This appeal presents the question of the validity of the provision in the will of D. J. Stewart wherein he devised to his son, Jesse C. Stewart, twenty-five acres of land out of the home tract of 82 acres. The devise is expressed in the following words: “My son Jesse C. Stewart shall have to his use and benefit forever in fee simple twenty-five acres of the home tract of land including the building and outhouses, and the remainder of my real estate to be divided equally among all my children,” naming them, including Jesse C. Stewart.
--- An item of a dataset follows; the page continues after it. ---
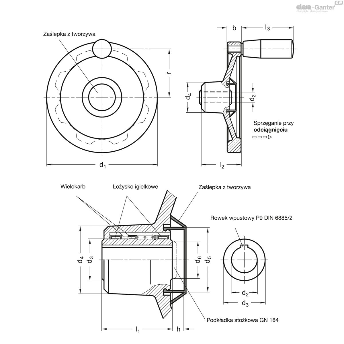 Koło ręczne pełne łożyskowane igiełkowo GN 321.6-160-K12-D - ELESA+GANTER

We are of opinion, and so hold, that the devise to the defendant Jesse 0. Stewart of twenty-five acres out of a larger tract of 82 acres is void for vagueness and uncertainty in the description of the property attempted to be devised. The will furnishes no means by which the twenty-five acres can be identified and set apart, nor does the will refer to anything extrinsic by which the twenty-five acres can be located. The will fixes no beginning point or boundary. It is too vague and indefinite to admit of parol evidence to support it. There is nothing to indicate where or how the testator intended the twenty-five acres should be set apart out of the 82 acres in the home tract. The principle is firmly established in our law that a conveyance of land by deed or will must set forth a subject matter, either certain within itself or capable of being made certain by recurrence to something extrinsic to which the instrument refers. It is essential to the validity of a devise of land that the land be described with sufficient definiteness and certainty to be located and distinguished from other land. The language in which the devise to Jesse 0. Stewart is expressed contains no reference to anything extrinsic which by recurrence thereto is capable of making the description certain under the principle id certum est quod certum reddi potest.
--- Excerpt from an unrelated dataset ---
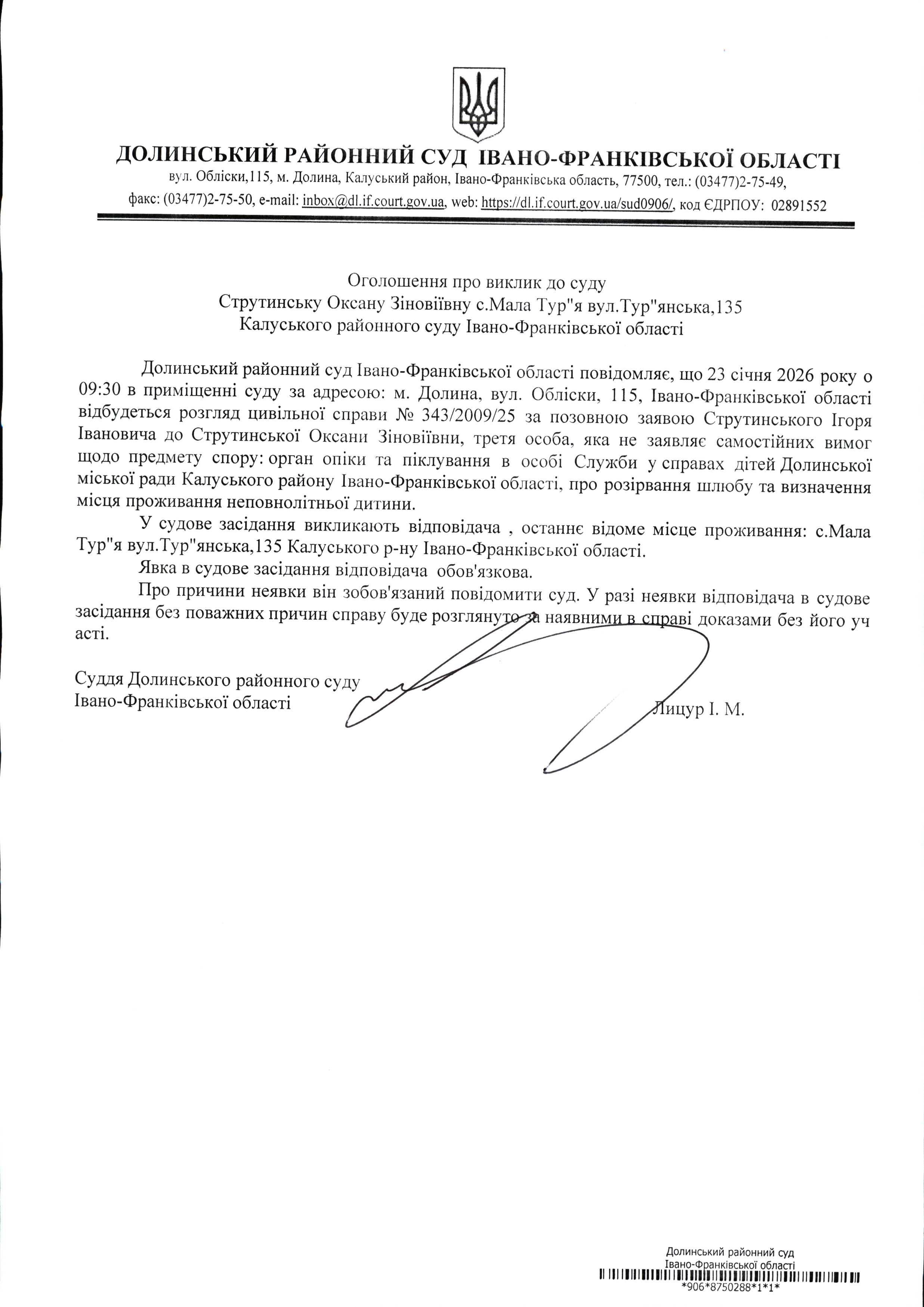 ОГОЛОШЕННЯ ПРО ВИКЛИК до СУДУ Струтинську Оксану Зіновіївну у цивільній справі № 343/2009/25

There are numerous cases in our reports which support the view here taken. Beaver v. Jones, 114 N. C., 649, 19 S. E., 637; Harris v. Woodard, 130 N. C., 580, 41 S. E., 790; Kennedy v. Maness, 138 N. C., 35, 50 S. E., 450; Smith v. Proctor, 139 N. C., 314, 51 S. E., 889; Cathey v. Lumber Co., 151 N. C., 592, 66 S. E., 580; Beard v. Taylor, 157 N. C., 440, 73 S. E., 213; Higdon v. Howell, 167 N. C., 455, 83 S. E., 807; *292 Bissette v. Strickland, 191 N. C., 260, 131 S. E., 655; Katz v. Daughtrey, 198 N. C., 393, 151 S. E., 879; Self Help Corp. v. Brinkley, 215 N. C., 615, 2 S. E. (2d), 889; Johnston County v. Stewart, 217 N. C., 334.
The mere reference to the land as “including the building and outhouses” may not be held sufficient to afford means of locating or identifying the twenty-five acres, or distinguishing them from other land within the boundaries of the home tract. Nor may these words be construed as a testamentary intention to which the law would give effect. This is upon the principle upheld in McGehee v. McGehee, 189 N. C., 558, 127 S. E., 549, and Melchor v. Burger, 21 N. C., 634, that an attempted invalid devise, one which the law decrees void, affords no legal evidence of an intention in the testator to devise. The court cannot make a will for the testator nor add to the valid portions of his will provisions which are not therein expressed. Having stricken down the devise as void, the court will not resurrect it and give it vitality in order to effectuate a purpose not expressed in the will.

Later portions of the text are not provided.